Some of these casual people picked up at least a PHB intending to play, even if some never showed up again.  Maybe they went on to start home games...who knows?  But a number of them would likely never have played D&D at all if they had to make a dedication to a play group.

Meanwhile, it opened opportunities for more play for the people who were heavily invested in it.  If you have a level 13 character that you've leveled from level 1 in OP, you want to play it.  As much as possible.  Most D&D play groups only meet once a week or once every second week for a couple hours at a time.  At our height, we were playing 4-5 adventures a week, each was 4 hours long.  When you play a game that much, you're more willing to spend money on it(just look at the Free to Play video games that exist these days, they make lots and lots of money simply because players are so invested in the game).  Plus, the OP games allowed almost every option in every book, so they had the assurance that they could use material in any book they bought.


----------



## Ahnehnois (Aug 6, 2013)

Umbran said:


> It will not tell you about people who kept their mouths scrupulously quiet, but if you had a horrible game, and failed to give feedback, well, that's your own fault, now isn't it?

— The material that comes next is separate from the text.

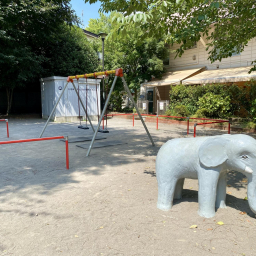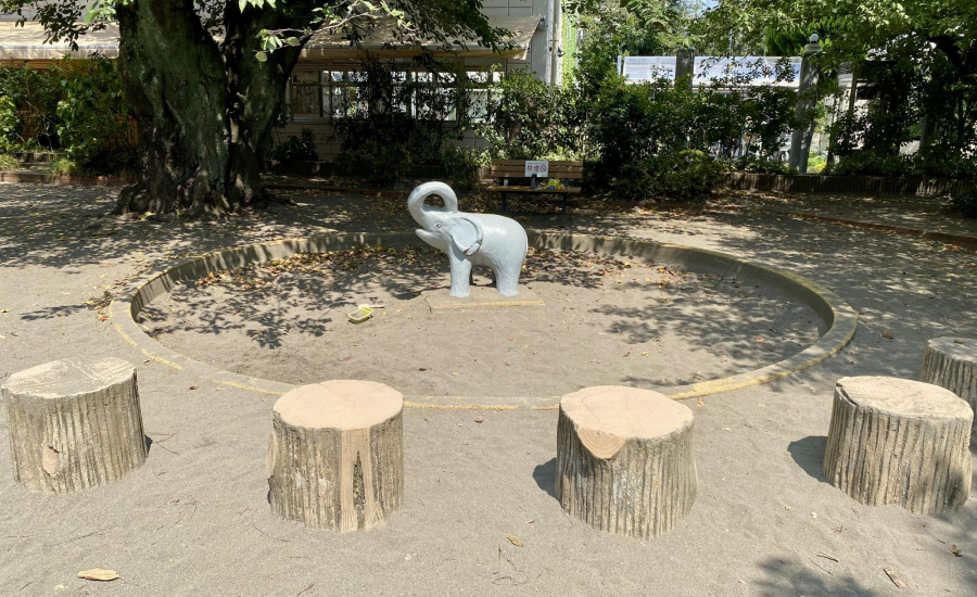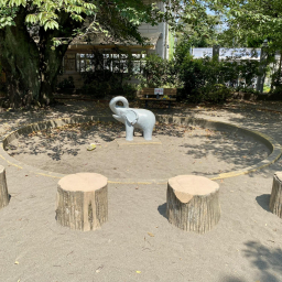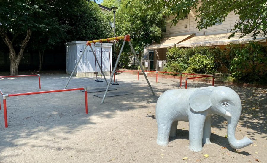 砂場の真ん中にはゾウさんの置物もあり、背中に乗ったりよじ登ったりしながら自由に遊べるのが魅力。ゾウさんと一緒に砂遊びを楽しめます♡使われていないときでも清潔に保たれているので安心です。ブランコや鉄棒など定番の遊具も揃っていて、体を思いきり動かしたい時にもぴったりですよ♪

People aren't that simple. Sometimes they tell you what they think you want to hear. Sometimes they lie. Sometimes they're limited by their knowledge. Getting feedback is hard. Getting honest feedback is really hard. Getting honest and informed feedback is really really hard.

More to the point, if your business is built on getting people to buy products and play at home, information about what happens in an organized play setting is not really relevant.



> Yeah.  So, my opinion that we should not base business decisions on personal preferences fits right in, now doesn't it?



It does. It just strikes me as naive. Research is not some all-seeing objective lens through which we view the world. The vision of the people in charge decides what research will be done and how, and it's then for them to decide how they'll interpret and use that information. There's no such thing as an opinion-free business model, for better or for worse.



> Bit of apples and oranges there - reality shows and fast food are available all over the place, from many vendors.  Taking away one venue of such isn't going to significantly impact access to the genre.  The same is not currently true of organized D&D play.



But, as I've noted, unlike those items, D&D is freely available to everyone. If someone really likes an organized play campaign, they can set one up themselves and perhaps disseminate it widely, and it'll succeed or fail on its own merits without the company making any input into it whatsoever. Which leaves the company to focus all its time and energy on the game itself and make it better. Everybody wins.



> Also, if you were McDonalds, and decided to turn the entire chain vegetarian, I expect the economic crash-and-burn would lead to your quick exit as He Who Is In Charge.  So, when you use this as your analogy to taking away organized play, well, you aren't doing yourself many favors, now are you?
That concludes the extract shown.